As I got back from my evening feeding of Noodles, I realized just how much time I’d spent thinking about Spring Break. I wasn’t as engaged as I could be class, doing my homework, or even interacting with people, because Spring Break and my plans stayed in the back of my mind. The worst part is that not one second of thinking about Spring Break is going to help it come any faster. I tend to think about the future pretty frequently, and that’s not always a bad thing. But when I stress and obsess about the future I lose focus of what’s in front of me.

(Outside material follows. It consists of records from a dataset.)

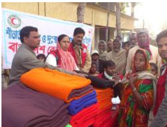
Blanket distribution in Jamalpur district by BDRCS district unit.

Distribution had begun with 30,000 blankets mobilized from BDRCS/International Federation of Red Cross and Red Crescent Societies (IFRC) joint disaster preparedness stock and BDRCS's own stock. Following a call for deployment, ten national disaster response team (NDRT) members were deployed on 5 January 2013 for ten days to assist BDRCS concerned units in beneficiary selection and distribution. During the distribution, BDRCS/IFRC conducted a needs assessment in the most affected districts. Report of the assessment has been shared with the humanitarian country task team (HCTT) as a reference for humanitarian response decision by the response agencies to increase the assistance coverage. With the help from NDRT, the BDRCS district units have completed distribution of 30,000 blankets from DREF contribution by 17 January 2013. Apart from DREF contribution BDRCS distributed another 14,000 blankets received through in-kind donation (IKD) from the in-country Movement partners, business community, corporate sectors and individuals. Process for replenishment of 30,000 blankets is in progress.
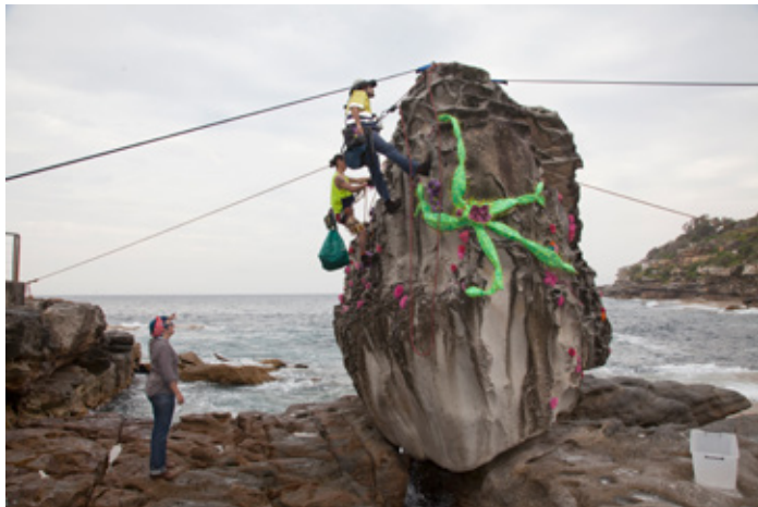
Installation, Sculpture by the Sea, Bondi 2013.

in place; the sculptures along the coastal walk, our temporary buildings, Education marquees and the ' Sculpture Inside ' structure. Everything is checked in accordance with our risk management plan and authorised by Waverly Council. Once the exhibition is open, Site Crew are responsible for running the site and looking after the sculptures, and Education are working with artists, artist educators and the 2,400, or more, students who will participate in the Education Program. Sculpture by the Sea Photographers are busy documenting the exhibition and artworks and together with Media and Design contribute to promoting the event and involving and informing the public through social media and our website.
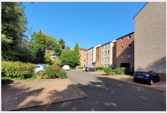
SECURE REAR PARKING

home report. These particulars do not form part of any contract and the statements or plans contained herein are not warranted nor to scale. Approximate measurements have been for efficiency or safety and no warranty is given as to their compliance with any regulations Confirmation of Council tax bands can be obtained from the local Council websites. Where are not always in a position to verify, prior to preparation of the schedule of particulars, that all necessary Local Authority consents are available.

Another thing that’s been on my mind recently is the past. I’ve been talking to a lot of friends who worry that because they made questionable decisions in the past, they can’t really move past that point in their lives. I think we all have our own baggage that we struggle to move past. When we spend time thinking about all the things we’ve done wrong in the past it becomes pretty easy to miss what we’re doing in the moment.
My teammate Katelyn likes the quote “wherever you are, be all there”. For me, our time in South Africa really showed me what it meant to live in the moment. One South African professor who visited with us started a little late, and took the opportunity to say he was on “African Time”. After we asked what that meant, he explained that in African philosophy, the idea of living in the moment was highly valued. “African Time” referred to the tendency of people with this train of thought to be a little early, or a little late, but mostly to never make time a huge deal. This was because they placed such a huge value on the moment they were experiencing at the time.
I think we all need to be a little more comfortable living on “African Time”. We should each value the experiences that happen around us rather than worrying about what’s ahead of us and letting our pasts weigh us down. Whether it means trying not to be so focused on what’s coming or not letting our past experiences hold us back, we should seek to maximize our potential to experience a moment.